"""
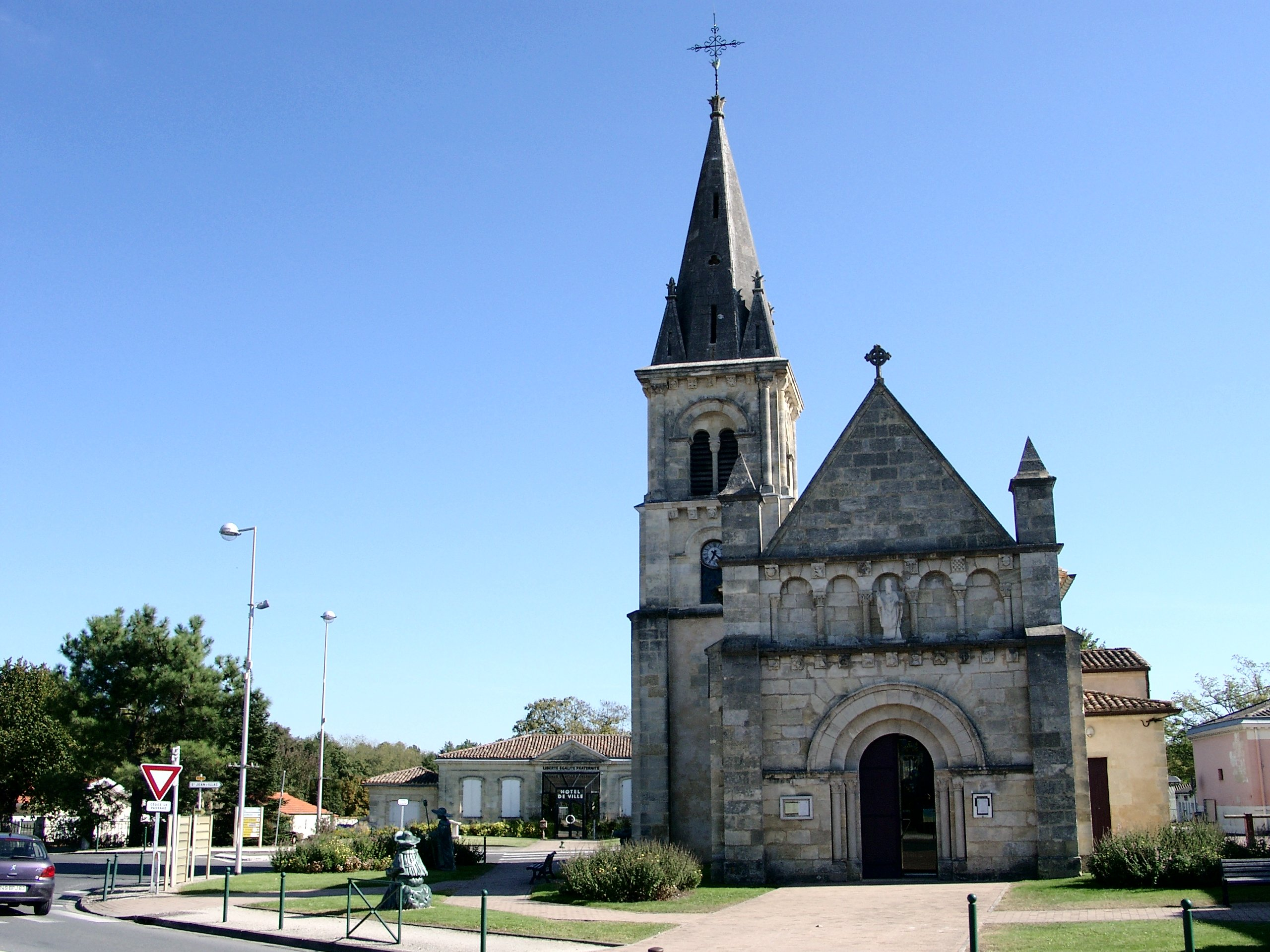 Martignas-sur-Jalle church (France, Gironde), 1856.
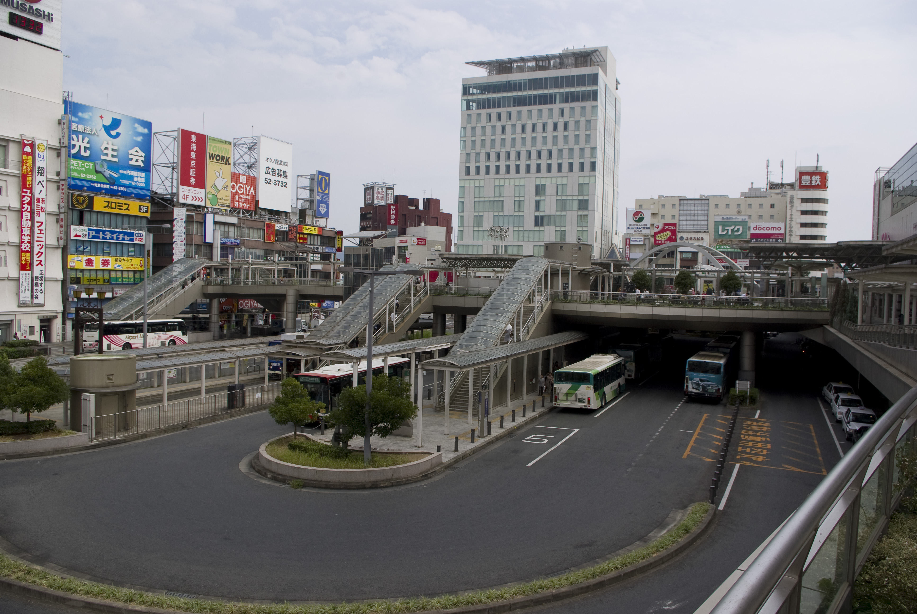 Toyohashi Station East Side Bus Terminal and Toyohashi Rail Road Ekimae Tram Stop
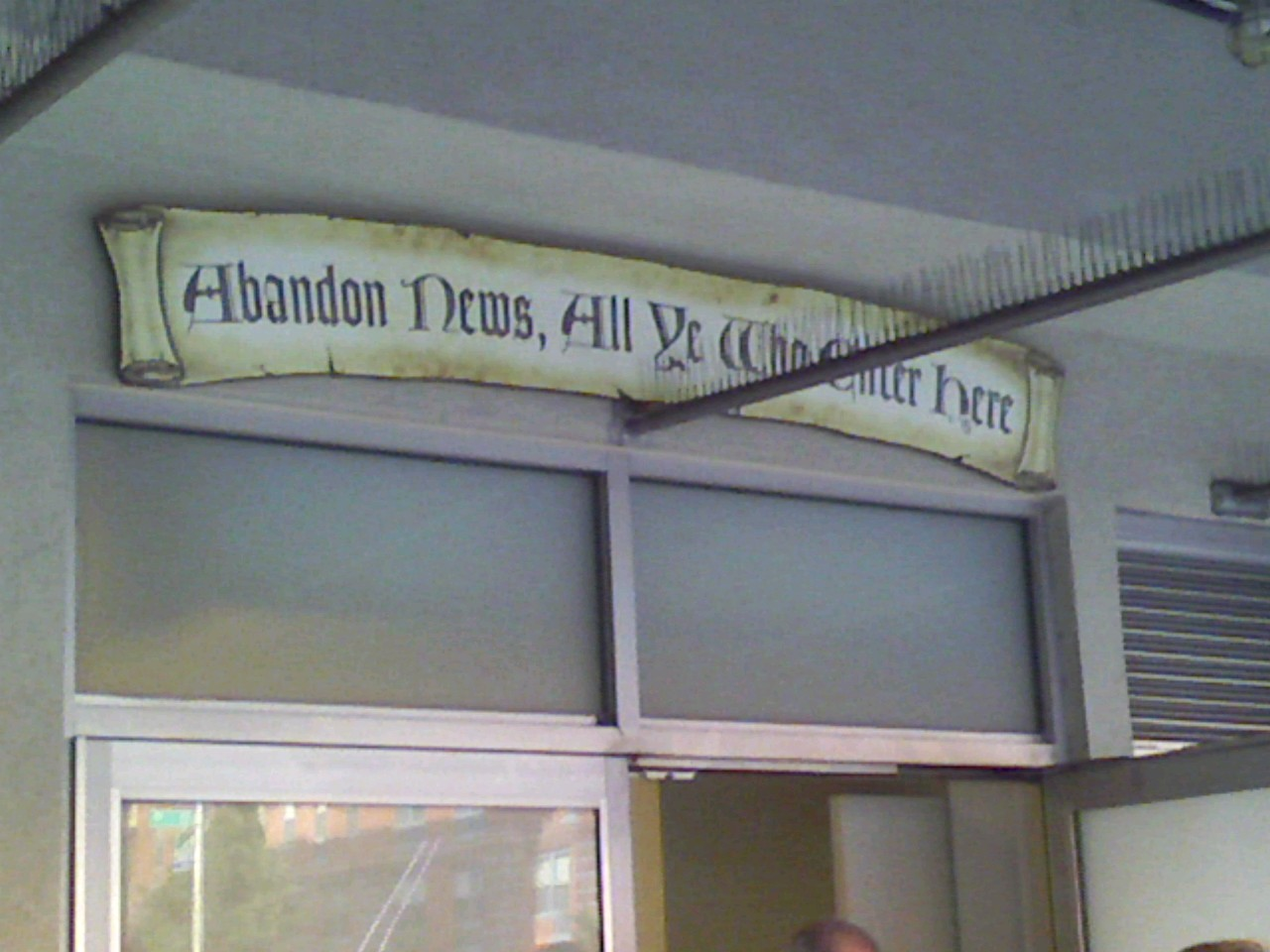 The sign over the entryway of the studio of The Daily Show. Dp76764 (talk) 19:17, 20 November 2007 (UTC) The sign says, "Abandon News, All Ye Who Enter Here"—a take-off on the phrase, "Abandon all hope, ye who enter here", which is said to be inscribed on the Gates of Hell in Dante's Inferno.
"""
EXERCISE PROMPT: Write out all of the data above exactly, without any of its pictures.

RESULT FOR THIS EXERCISE:
 Martignas-sur-Jalle church (France, Gironde), 1856.
 Toyohashi Station East Side Bus Terminal and Toyohashi Rail Road Ekimae Tram Stop
 The sign over the entryway of the studio of The Daily Show. Dp76764 (talk) 19:17, 20 November 2007 (UTC) The sign says, "Abandon News, All Ye Who Enter Here"—a take-off on the phrase, "Abandon all hope, ye who enter here", which is said to be inscribed on the Gates of Hell in Dante's Inferno.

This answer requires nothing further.